The Dehalococcoides (DHC) are known for their ability to gain energy by dechlorinating organochlorine compounds.  Bioremediation utilizing DHC is growing in use, particularly at sites contaminated with the chlorinated solvents tetrachloroethene (PCE) and trichloroethene (TCE).  Each DHC strain, however, has a uniquely wide substrate range (in addition to PCE/TCE, strains can dechlorinate PCBs, chlorobenzenes, chlorophenols, dioxins, and chloroethanes).  While all DHC genomes sequenced thus far contain a core set of about 1000 genes, substantial differences are seen in the suite of reductive dehalogenase (RDase) genes contained in the different genomes. 

To explore expression patterns for both the conserved genes and the strain-specific RDases we have employed shotgun proteomics on DHC-containing cultures. Analyses with and without isobaric tags (iTRAQ) detected dozens of DHC proteins simultaneously in different culture samples.  The results have been analyzed to elucidate candidate bioindicator proteins/enzymes that might be monitored at contaminated sites to assess in situ bioremediation.  In follow up work, peptide-specific quantification assays were developed to monitor selected bioindicators (including specific RDases) and report them in fmole/mL or proteins/cell. Results will be discussed for two dechlorinating microbial communities: the commercially viable KB1 culture and a mixed culture containing D. ethenogenes Strain 195.

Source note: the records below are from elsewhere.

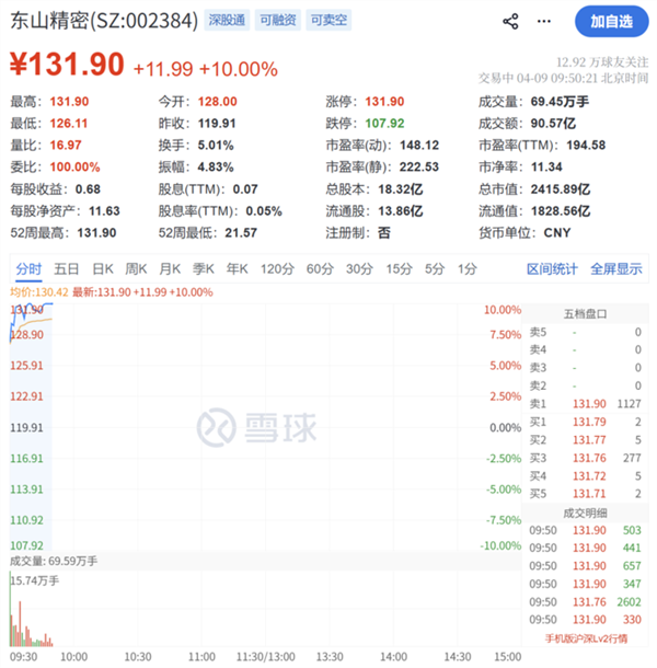 东山精密再度涨停,报131.9元/股,总市值达到2416亿元。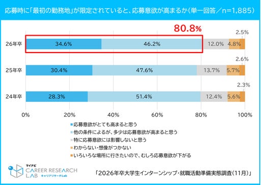 ◆80.8%が「最初の勤務地」が限定されていると、志望意欲が「高まる」と回答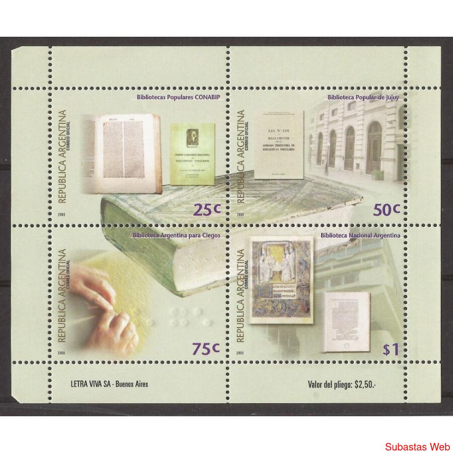 Hojita Block con cuatro sellos distintos valores faciales - El sello de 0.75 ctvs. presenta un relieve de sistema Braille.- Características generales en: macristamps.com.ar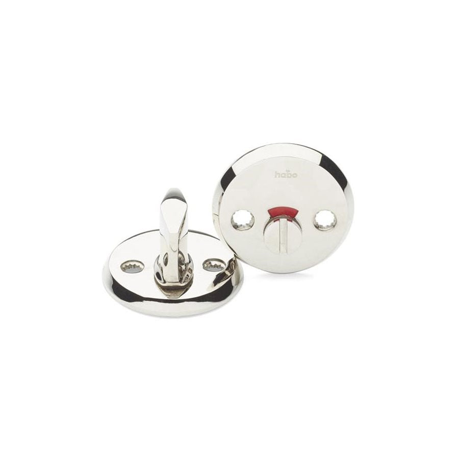 WC-beslag av förnicklad mässing. Levereras med skruv för genomgående fastsättning. Avsett för modullås typ 6565. Passar till dörrtjocklek 38-65 mm.

Despite their importance and promise for bioremediation, our understanding of the biology of DHC is quite limited.  Ultimately, the proteome results from growth under a range of conditions will be analyzed with probabilistic network inference algorithms to elucidate possible gene networks in the DHC– particularly those associated with desirable substrate conversion capabilities.